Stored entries

________________________

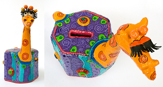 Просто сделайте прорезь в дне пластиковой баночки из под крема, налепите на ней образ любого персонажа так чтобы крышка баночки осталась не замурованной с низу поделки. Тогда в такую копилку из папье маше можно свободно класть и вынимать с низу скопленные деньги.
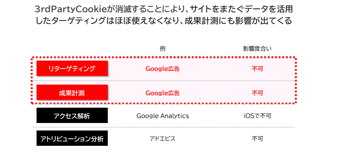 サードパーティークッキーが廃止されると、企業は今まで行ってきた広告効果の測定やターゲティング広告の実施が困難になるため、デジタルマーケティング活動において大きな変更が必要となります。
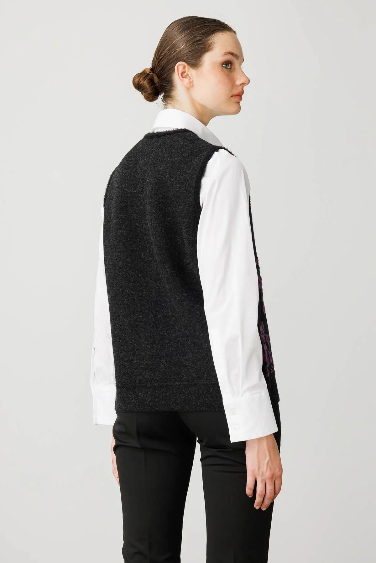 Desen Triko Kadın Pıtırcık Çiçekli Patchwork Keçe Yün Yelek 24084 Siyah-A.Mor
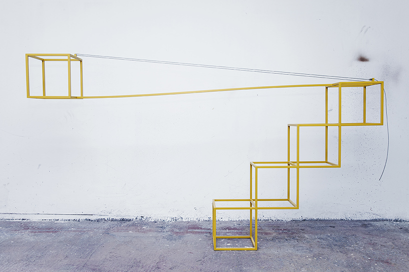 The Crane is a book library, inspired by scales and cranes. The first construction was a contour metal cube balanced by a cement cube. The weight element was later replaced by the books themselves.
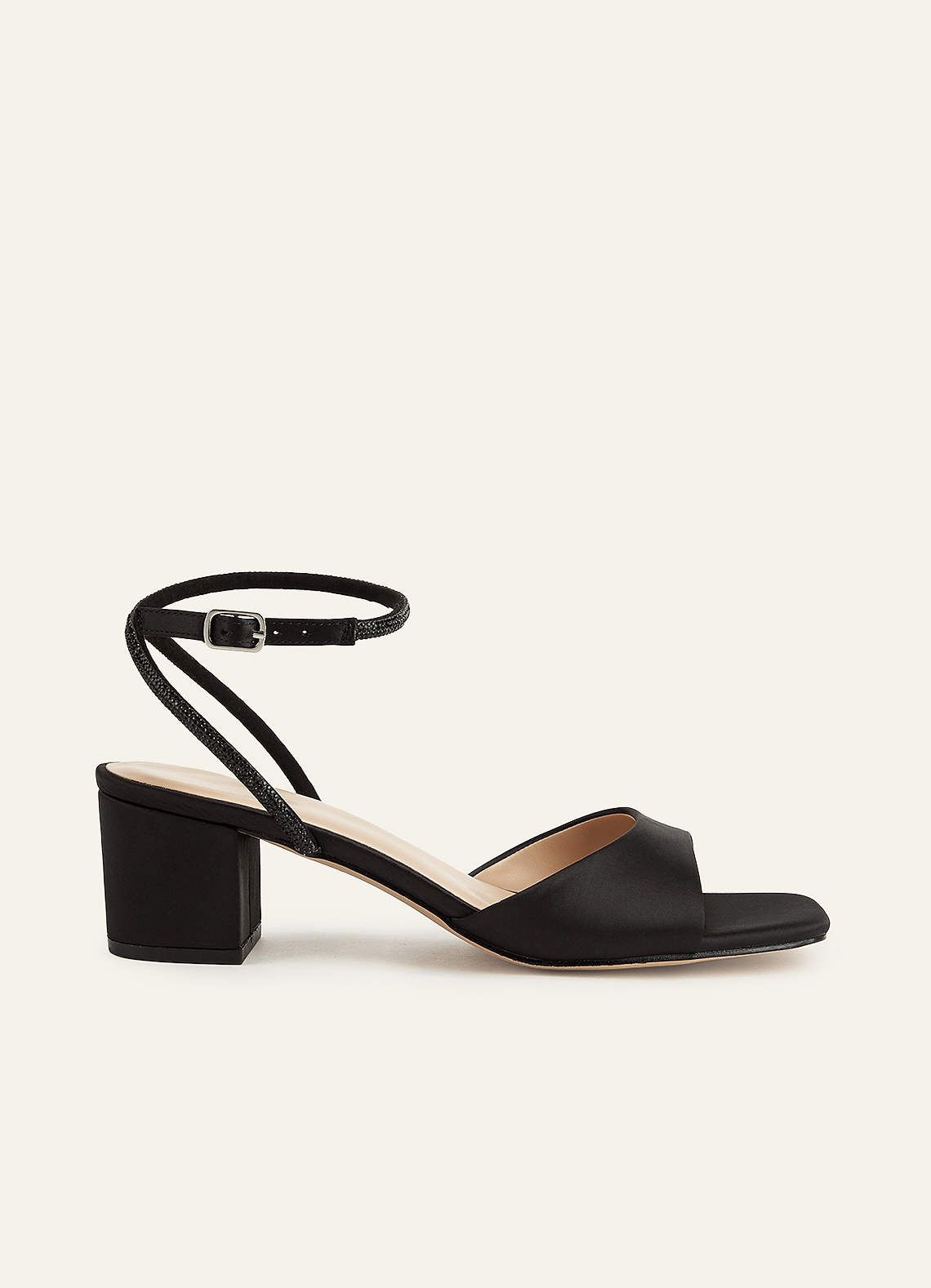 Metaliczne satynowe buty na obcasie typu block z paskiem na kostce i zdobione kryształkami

________________________

__Exercise directions__
Now write out the data word for word, skipping every picture in it.

__Result of this task__
 Просто сделайте прорезь в дне пластиковой баночки из под крема, налепите на ней образ любого персонажа так чтобы крышка баночки осталась не замурованной с низу поделки. Тогда в такую копилку из папье маше можно свободно класть и вынимать с низу скопленные деньги.
 サードパーティークッキーが廃止されると、企業は今まで行ってきた広告効果の測定やターゲティング広告の実施が困難になるため、デジタルマーケティング活動において大きな変更が必要となります。
 Desen Triko Kadın Pıtırcık Çiçekli Patchwork Keçe Yün Yelek 24084 Siyah-A.Mor
 The Crane is a book library, inspired by scales and cranes. The first construction was a contour metal cube balanced by a cement cube. The weight element was later replaced by the books themselves.
 Metaliczne satynowe buty na obcasie typu block z paskiem na kostce i zdobione kryształkami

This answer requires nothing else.